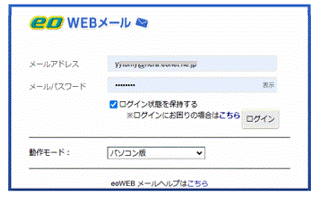 eoWEBメールにログインした URLは「お気に入り」や「ブックマーク」に登録しておくと便利です。ログイン後30日間は同じ端末からのログインは自動的に(ログイン画面を省略)行われます。
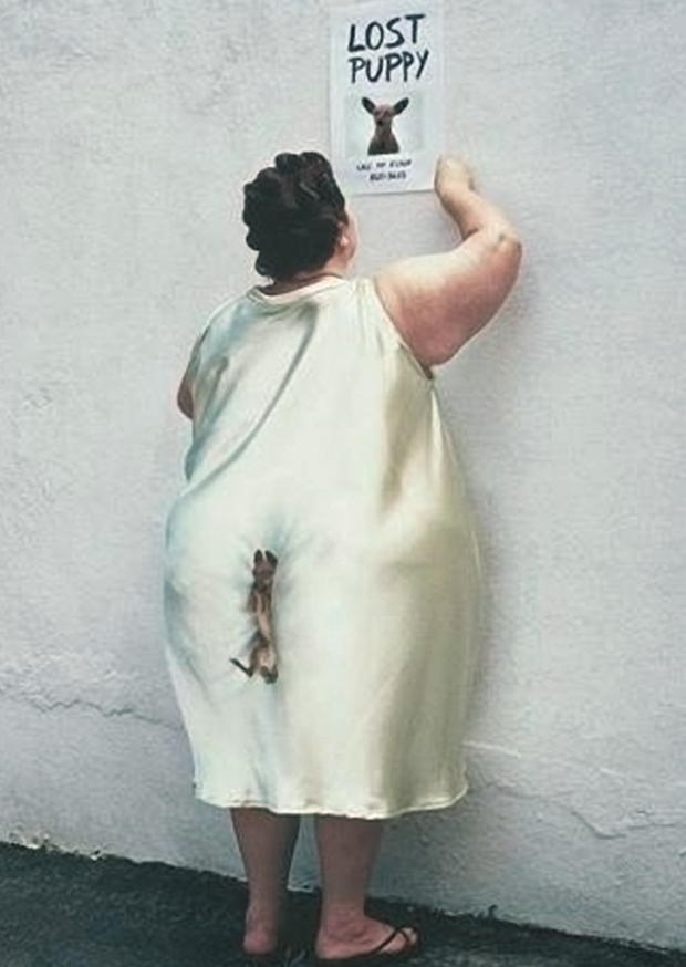 Eine Person mit einem lustigen Kleid sucht nach einem verlorenen Welpen, während sie ein Schild an eine Wand hängt. Die Situation ist humorvoll und auffällig.
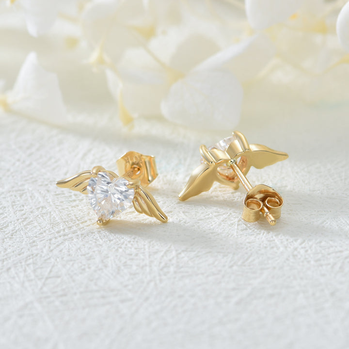 10K Gold Moissanite Angel Wing Stud Earrings
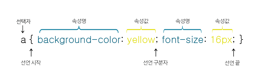 선택자 { 속성 : 속성값; 속성 : 속성값 }
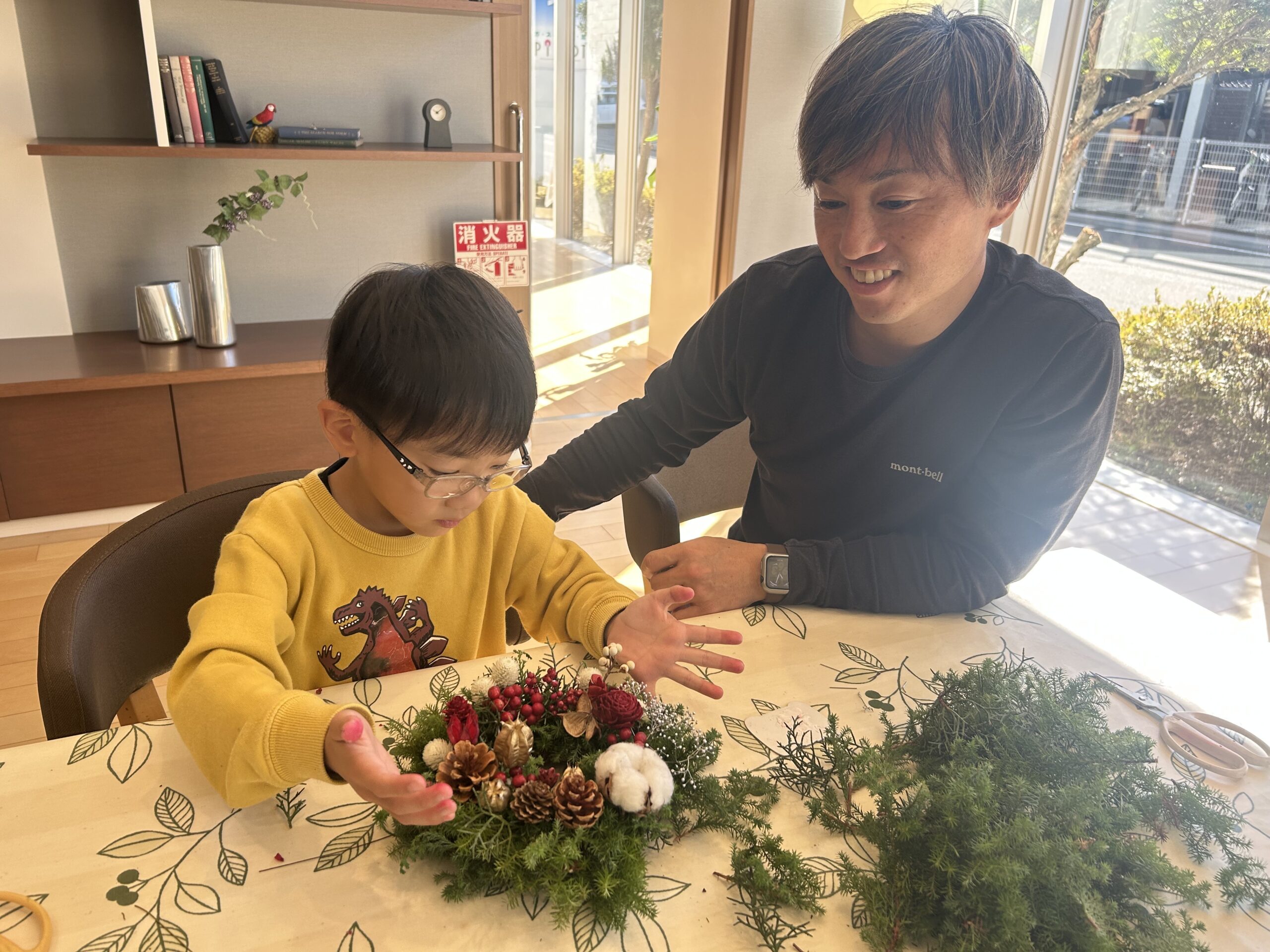 お花屋さんのソトさんにもご協力いただき、四季の素材を使ったオリジナルリース作りに挑戦していただきました。
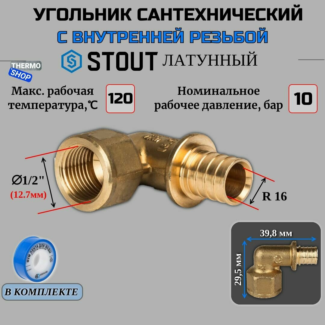 **Угольник-переходник Stout** позволяет повернуть трубопровод на 90°. Используется в системах горячего и холодного водоснабжения (в том числе питьевого), газоснабжения, отопления. Под соединение с трубами устроена наружная/внутренняя резьба диаметром 16x1/2". Фитинг выполнен из латуни. Выдерживает воздействие высоких температур и давления, устойчив к коррозии, не выделяет вредных веществ, эстетично выглядит, долго служит.
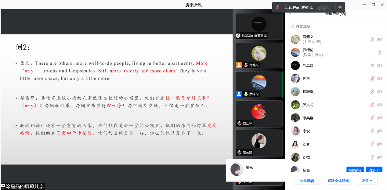 两位同学的分享结束后,罗院长也针对内容做了点评。针对熊孟兰同学的分享,他肯定了内容的时效性和趣味性,也认同了分句进行分析和讲解,但提出了讲解过程中应当适当放慢速度,给同学们留下理解和思考的空间,例如提出上述问题时应该稍作停顿,线上讲座应如线下的演讲一般让听众有反应的空隙。针对涂晶晶同学的分享,于天伦同学提出“我们有时明知是翻译腔的表达而无法避免使用时该怎么办?”的问题,同学们在发表自己的意见后,罗院长认为我们无法用汉语表达出想要的意思是因为我们的汉语水平仍需提高,双语能力要同时加强,提高的方法就是要通过大量的阅读积累。此后,同学们分别针对四句话都提出了新的看法,碰撞出思维的火花。

WHAT IS EXPECTED – Print every entry exactly as written, without the pictures.

ANSWER TO THIS EXERCISE –
 eoWEBメールにログインした URLは「お気に入り」や「ブックマーク」に登録しておくと便利です。ログイン後30日間は同じ端末からのログインは自動的に(ログイン画面を省略)行われます。
 Eine Person mit einem lustigen Kleid sucht nach einem verlorenen Welpen, während sie ein Schild an eine Wand hängt. Die Situation ist humorvoll und auffällig.
 10K Gold Moissanite Angel Wing Stud Earrings
 선택자 { 속성 : 속성값; 속성 : 속성값 }
 お花屋さんのソトさんにもご協力いただき、四季の素材を使ったオリジナルリース作りに挑戦していただきました。
 **Угольник-переходник Stout** позволяет повернуть трубопровод на 90°. Используется в системах горячего и холодного водоснабжения (в том числе питьевого), газоснабжения, отопления. Под соединение с трубами устроена наружная/внутренняя резьба диаметром 16x1/2". Фитинг выполнен из латуни. Выдерживает воздействие высоких температур и давления, устойчив к коррозии, не выделяет вредных веществ, эстетично выглядит, долго служит.
 两位同学的分享结束后,罗院长也针对内容做了点评。针对熊孟兰同学的分享,他肯定了内容的时效性和趣味性,也认同了分句进行分析和讲解,但提出了讲解过程中应当适当放慢速度,给同学们留下理解和思考的空间,例如提出上述问题时应该稍作停顿,线上讲座应如线下的演讲一般让听众有反应的空隙。针对涂晶晶同学的分享,于天伦同学提出“我们有时明知是翻译腔的表达而无法避免使用时该怎么办?”的问题,同学们在发表自己的意见后,罗院长认为我们无法用汉语表达出想要的意思是因为我们的汉语水平仍需提高,双语能力要同时加强,提高的方法就是要通过大量的阅读积累。此后,同学们分别针对四句话都提出了新的看法,碰撞出思维的火花。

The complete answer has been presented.